Isolation and sequence of complementary DNA encoding human extracellular superoxide dismutase.

K Hjalmarsson, S L Marklund, A Engström, T Edlund
PMCID: PMC299071  PMID: 3476950

Abstract

A complementary DNA (cDNA) clone from a human placenta cDNA library encoding extracellular superoxide dismutase (EC-SOD; superoxide:superoxide oxidoreductase, EC 1.15.1.1) has been isolated and the nucleotide sequence determined. The cDNA has a very high G+C content. EC-SOD is synthesized with a putative 18-amino acid signal peptide, preceding the 222 amino acids in the mature enzyme, indicating that the enzyme is a secretory protein. The first 95 amino acids of the mature enzyme show no sequence homology with other sequenced proteins and there is one possible N-glycosylation site (Asn-89).

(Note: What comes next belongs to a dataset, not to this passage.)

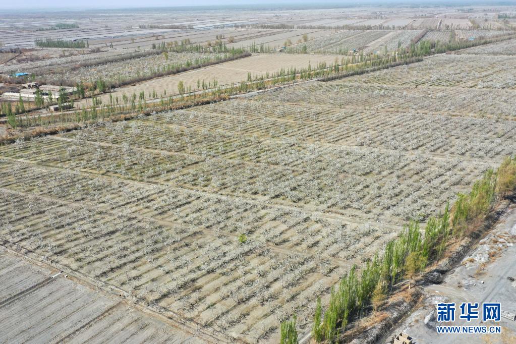 这是4月11日在铁门关市拍摄的一处梨园(无人机照片)。新华社记者 丁磊 摄

The amino acid sequence from residues 96-193 shows strong homology (approximately 50%) with the final two-thirds of the sequences of all known eukaryotic CuZn SODs, whereas the homology with the P. leiognathi CuZn SOD is clearly lower. The ligands to Cu and Zn, the cysteines forming the intrasubunit disulfide bridge in the CuZn SODs, and the arginine found in all CuZn SODs in the entrance to the active site can all be identified in EC-SOD. A comparison with bovine CuZn SOD, the three-dimensional structure of which is known, reveals that the homologies occur in the active site and the divergences are in the part constituting the subunit contact area in CuZn SOD. Amino acid sequence 194-222 in the carboxyl-terminal end of EC-SOD is strongly hydrophilic and contains nine amino acids with a positive charge. This sequence probably confers the affinity of EC-SOD for heparin and heparan sulfate. An analysis of the amino acid sequence homologies with CuZn SODs from various species indicates that the EC-SODs may have evolved from the CuZn SODs before the evolution of fungi and plants.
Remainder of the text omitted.